The city today is more populous than the provincial capital of Tekirdağ, owing to a population spurt initially caused by the 1989 expulsion of Turks from Bulgaria who complemented the traditional left-leaning, industrial working-class of Çorlu; a second wave of migrants from rural Anatolia came to work in the factories in the 1990s and they now make up much of the conservative populace of the city. There are also small Romani and Jewish communities.
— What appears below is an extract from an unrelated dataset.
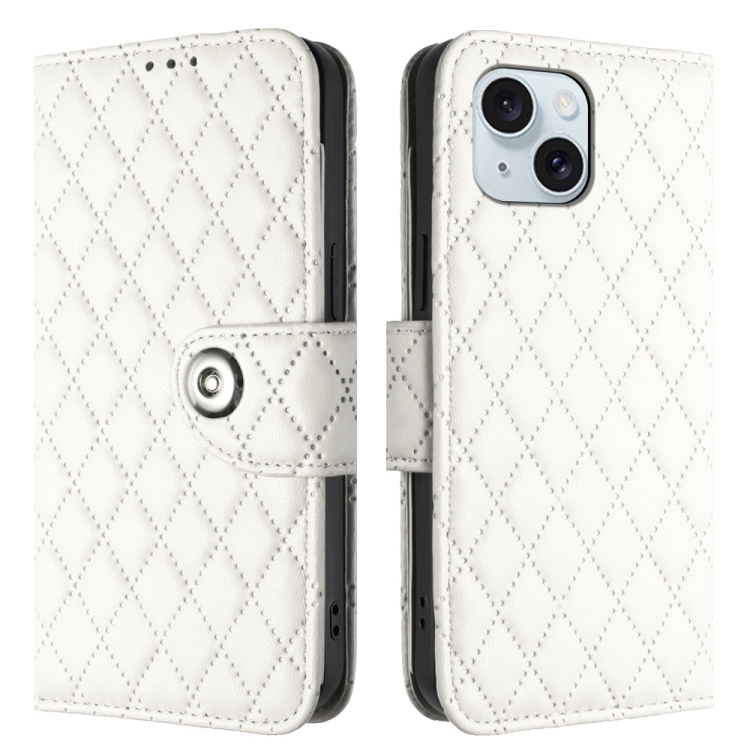 Funda de Cuero para iPhone 15 con Tapa Textura Rómbica y Cordón (Blanco)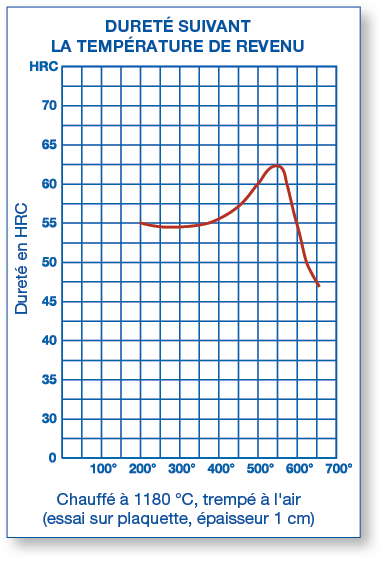 - deuxième revenu entre 550 °C et 650 °C selon les duretés recherchées,

For a while the city also had a population of ethnic Albanians and Bosnians flown in during the Kosovo conflict as part of Turkey and North Macedonia's efforts to aid the populations of former Yugoslavia by offering them temporary asylum.

The town centre consists of a mixture of traditional structures and modern concrete apartment blocks providing public housing, as well as amenities such as basic shopping and fast-food restaurants, and essential infrastructure. However, there is little in the way of culture beyond cinemas and wedding-party venues. The road through the city center is often congested, as it isn't adequate for the needs of a city of a quarter million people. Local shopping facilities have recently been enhanced by the 25 km^{2} Orion Mall. There is little to no nightlife but, since Çorlu is close to Istanbul, locals can and often do easily go to "the city" for the weekend.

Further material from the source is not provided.